So it's been 9 months since the 'break up' if you can call it that. A close friendship of 9 years and 2 years in a casual relationship, with me stupidly hoping he would commit.

 

He didn't, and never intended to. He started seeing this girl towards the end of us and didn't tell me, they are still together.

 

I have been no contact pretty much in that entire time (apart from to ask if his sister is well and the new baby) and as much as I just want nothing to do with him and his lazy ways, I can't help but miss him day in, day out.

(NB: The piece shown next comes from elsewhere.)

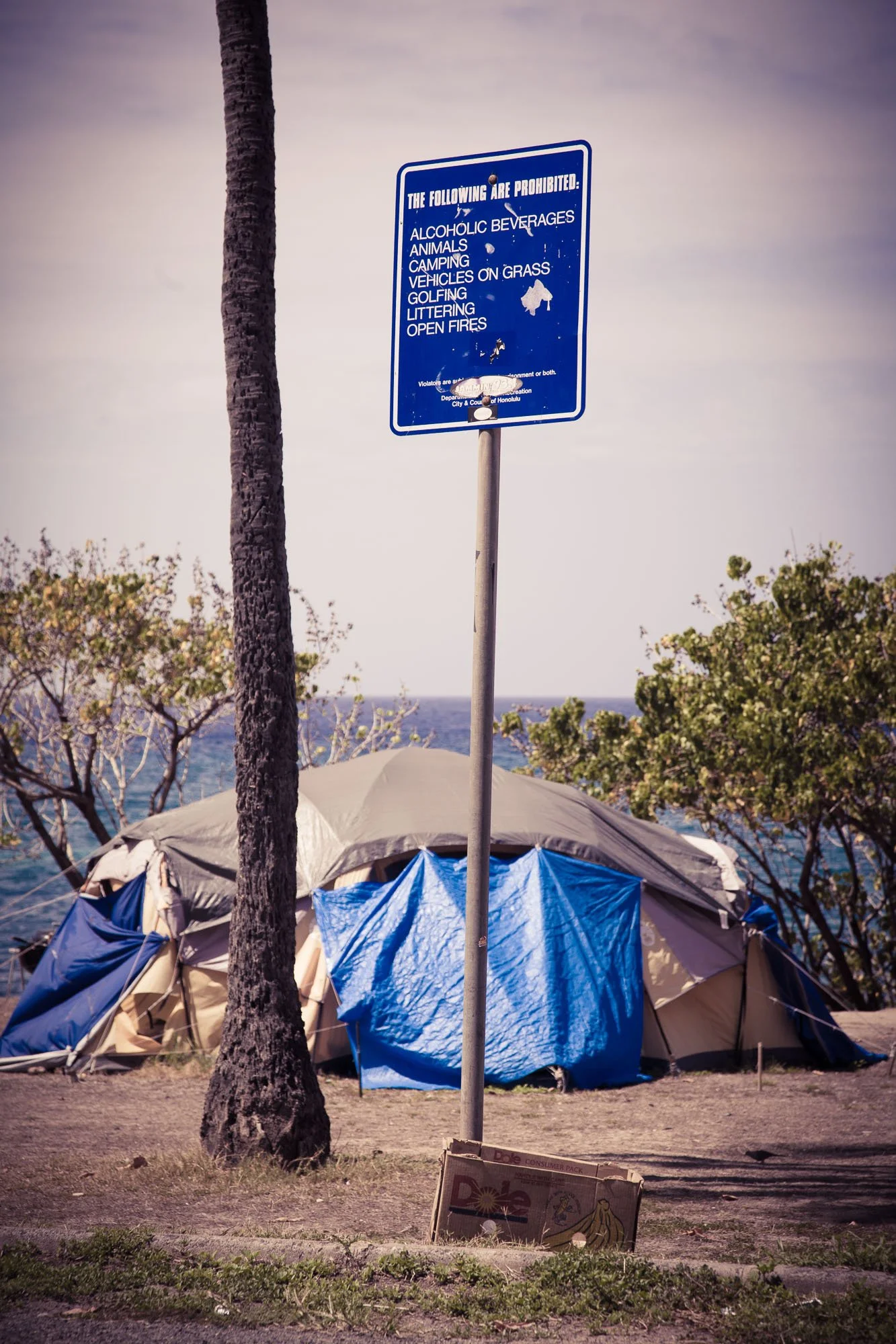 A sign listing prohibited activities such as alcohol beverages, animals, camping, vehicles on grass, golfing, littering, open fires, with trees, a tent, and the ocean in the background.

I can only describe my mood as 'glum', how can I still feel like this 9 months on, for someone I should be over who hurt me so much!! How can I miss someone who I want nothing to do with? and just want to forget...?

 

It doesn't make any sense, and he has clearly moved on. I still feel this aching longing, and a void in my life...'just get over it and move on!' I keep telling myself.

 

He pops into my thoughts often, and my mood tells me i'm still sad about it, or am I just sad because that's how I'm used to feeling now?

 

It's frustrating, does anyone else feel like this too? Do I need more time to just grieve the end of a long friendship/relationship?

Posted
So it's been 9 months since the 'break up' if you can call it that. A close friendship of 9 years and 2 years in a casual relationship, with me stupidly hoping he would commit.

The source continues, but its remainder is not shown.